• [ABOUT THIS TASK]
Would you repeat the listing exactly, without any of its images?

*****

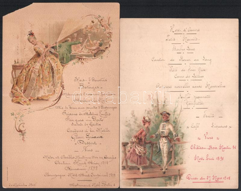 1906-1908 Párizs, 2 db éttermi menükártya, exkluzív borokkal és ételek... https://www.darabanth.com/en/464-Online-auction/464.0/Art-and-other-collectibles/Historical-documents-manuscripts~2000093/1906-1908-Parizs-2-db-ettermi-menukartya-exkluziv-borokkal-es-etelekkel-az-egyik-hatoldalan~II3103483
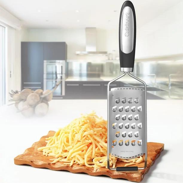 This Large Cut Grater is perfect to grate cheese and other foods! Nonslip grips that offer a firm and comfortable hold, making any grating easy. • Soft-grip nonslip handles with stainless steel • Embossed Cuisinart trademark logo • Nylon tool heads are safe for non-stick cookware and heat resistant to 400⁰F • Dishwasher safe
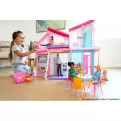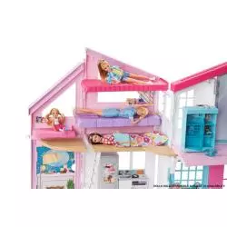 Barbie Domek Malibu dla lalek zmienia się w prawdziwy dom marzeń! Ten kompaktowy domek otwiera się, tworząc przestrzeń do zabawy o szerokości 61 cm. Dwa piętra, 6 pokoi z wyposażeniem - kuchnia, jadalnia, salon, sypialnia, łazienka i patio na świeżym powietrzu - plus funkcja przekształcania 2w1. Odwróć ścianę z kominkiem w salonie, aby stworzyć kino domowe; otwórz toaletkę w łazience, aby odsłonić prysznic; opuść sufit sypialni, aby przekształcić go w łóżko piętrowe, aby pomieścić 4 siostry. Ponadto domek wzbogacono o ponad 25 dodatkowych akcesoriów.
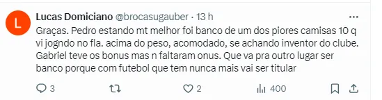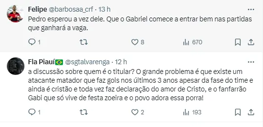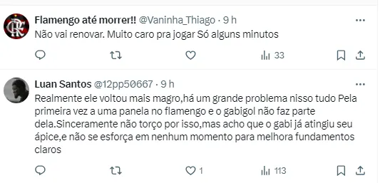 Vale lembrar que sua renovação de Gabi com o Flamengo, cujo contrato se encerra no fim do ano, está parada. Diogo Dantas ainda informou que ele ficou mais recluso depois das negociações: “Depois de o Flamengo recuar na renovação contratual, em função da alta pedida e da má fase de Gabi, o camisa 10 ficou ainda mais recluso, no aguardo de uma definição, que não veio”, disse.
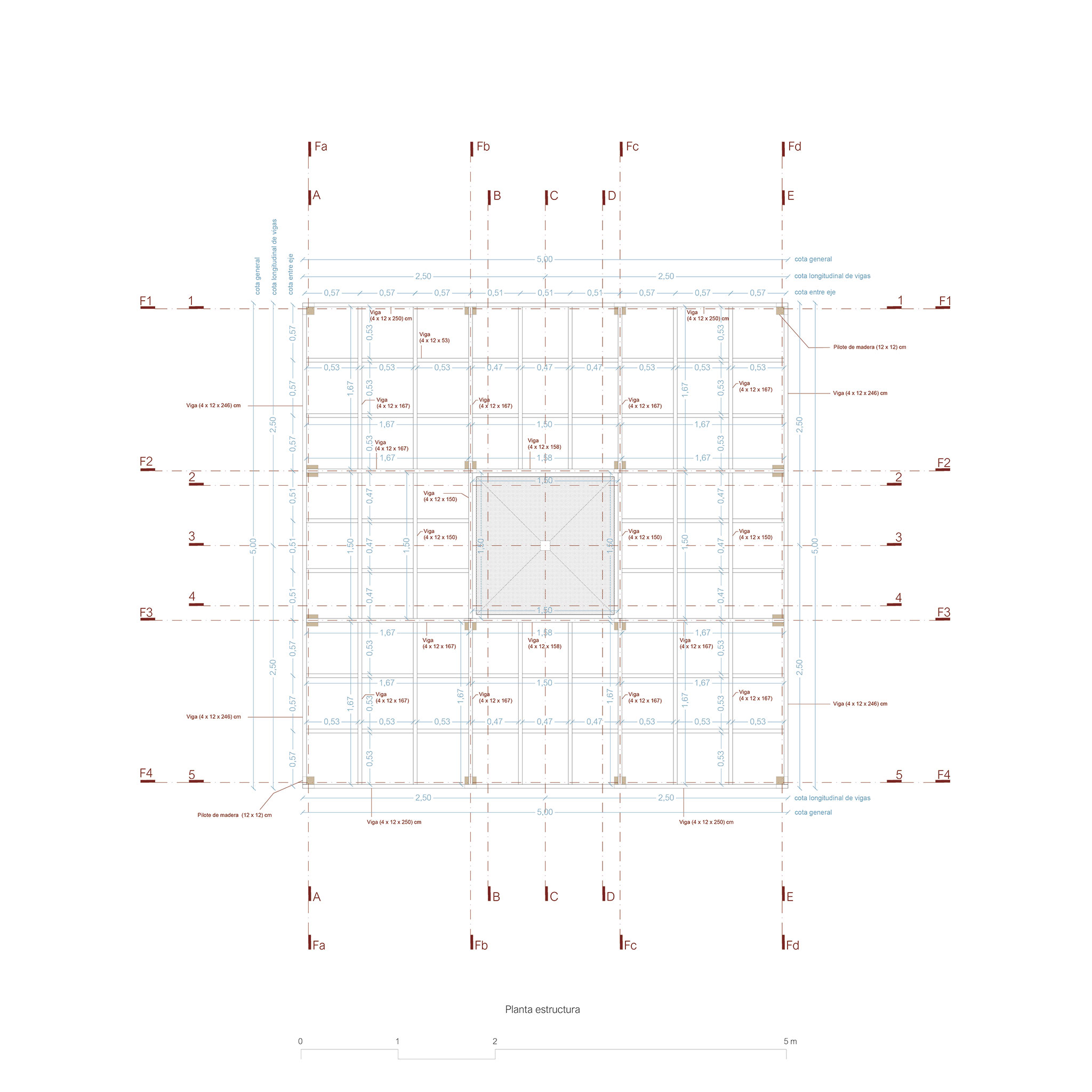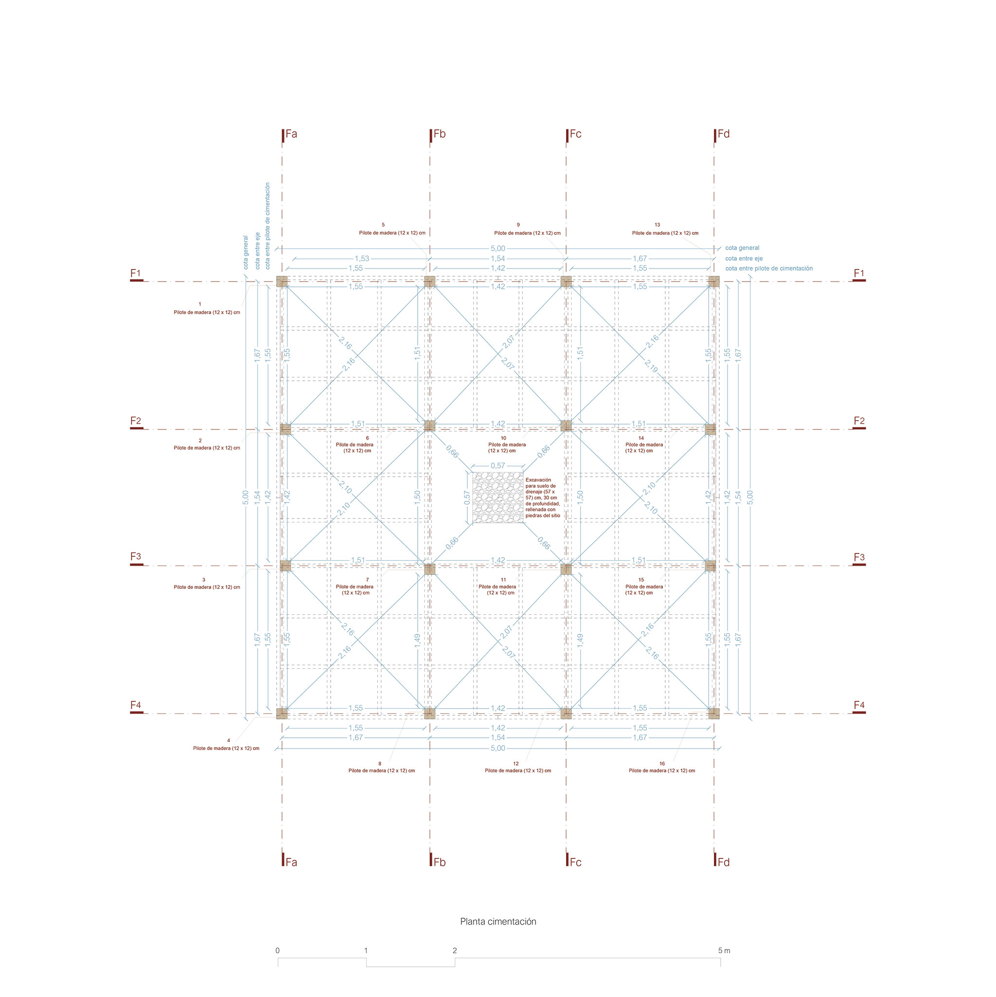 A fundamental objective is thus defined: to construct an architectural experience from within the space, through which we become aware of the presence of water in the forest, thereby sublimating its very material condition. In this way, the paradox lies in the fact that what is sought is not protection from the water, but rather, to build a refuge for it. This is where the principle of material allegory we seek is based, and where architecture is simply transformed into the necessary support for the experience to occur.
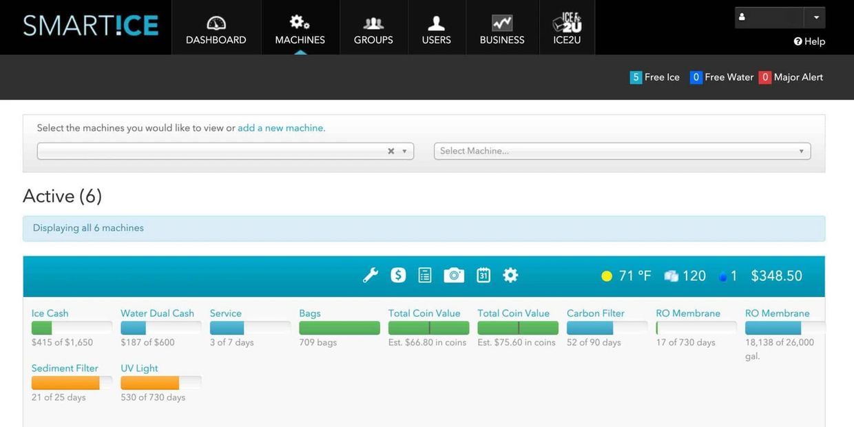 SmartIce allows you to get a multitude of reports about your machines. You can easily view your total ice and water sales, last time you serviced the machine, and any outstanding operational issues.
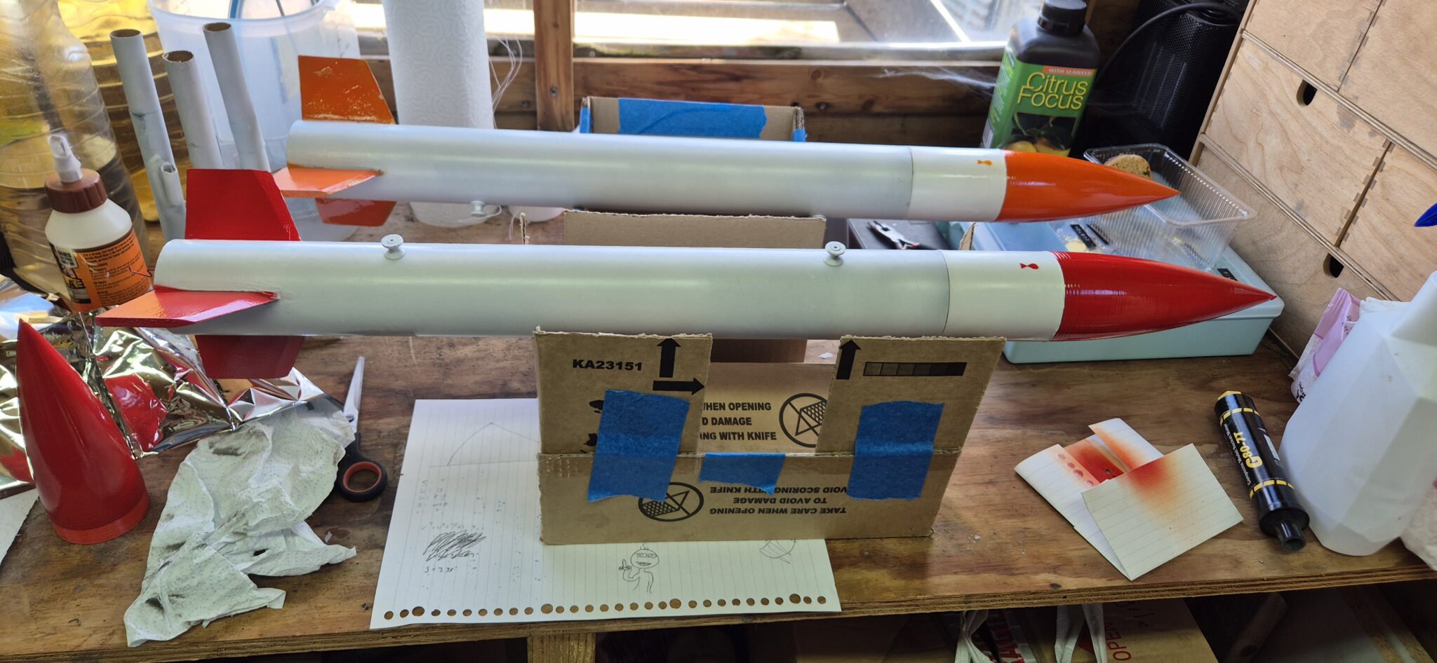 Since I was the only member with experience in Model Rocketry, I proposed that the project should be completed in two stages. 1) Each member would build a small rocket based on a design I had previously made and flown, to learn the theory of the rocket’s flight and how to construct a rocket. 2) Once every member had an understanding of a model rocket we would move onto the construction of two, larger, identical rockets which would serve as our competition entry (where one airframe would be our main aircraft, and the other would serve as backup in case of catastrophic failure).

*****

• [EXERCISE OUTPUT]
 1906-1908 Párizs, 2 db éttermi menükártya, exkluzív borokkal és ételek... https://www.darabanth.com/en/464-Online-auction/464.0/Art-and-other-collectibles/Historical-documents-manuscripts~2000093/1906-1908-Parizs-2-db-ettermi-menukartya-exkluziv-borokkal-es-etelekkel-az-egyik-hatoldalan~II3103483
 This Large Cut Grater is perfect to grate cheese and other foods! Nonslip grips that offer a firm and comfortable hold, making any grating easy. • Soft-grip nonslip handles with stainless steel • Embossed Cuisinart trademark logo • Nylon tool heads are safe for non-stick cookware and heat resistant to 400⁰F • Dishwasher safe
 Barbie Domek Malibu dla lalek zmienia się w prawdziwy dom marzeń! Ten kompaktowy domek otwiera się, tworząc przestrzeń do zabawy o szerokości 61 cm. Dwa piętra, 6 pokoi z wyposażeniem - kuchnia, jadalnia, salon, sypialnia, łazienka i patio na świeżym powietrzu - plus funkcja przekształcania 2w1. Odwróć ścianę z kominkiem w salonie, aby stworzyć kino domowe; otwórz toaletkę w łazience, aby odsłonić prysznic; opuść sufit sypialni, aby przekształcić go w łóżko piętrowe, aby pomieścić 4 siostry. Ponadto domek wzbogacono o ponad 25 dodatkowych akcesoriów.
 Vale lembrar que sua renovação de Gabi com o Flamengo, cujo contrato se encerra no fim do ano, está parada. Diogo Dantas ainda informou que ele ficou mais recluso depois das negociações: “Depois de o Flamengo recuar na renovação contratual, em função da alta pedida e da má fase de Gabi, o camisa 10 ficou ainda mais recluso, no aguardo de uma definição, que não veio”, disse.
 A fundamental objective is thus defined: to construct an architectural experience from within the space, through which we become aware of the presence of water in the forest, thereby sublimating its very material condition. In this way, the paradox lies in the fact that what is sought is not protection from the water, but rather, to build a refuge for it. This is where the principle of material allegory we seek is based, and where architecture is simply transformed into the necessary support for the experience to occur.
 SmartIce allows you to get a multitude of reports about your machines. You can easily view your total ice and water sales, last time you serviced the machine, and any outstanding operational issues.
 Since I was the only member with experience in Model Rocketry, I proposed that the project should be completed in two stages. 1) Each member would build a small rocket based on a design I had previously made and flown, to learn the theory of the rocket’s flight and how to construct a rocket. 2) Once every member had an understanding of a model rocket we would move onto the construction of two, larger, identical rockets which would serve as our competition entry (where one airframe would be our main aircraft, and the other would serve as backup in case of catastrophic failure).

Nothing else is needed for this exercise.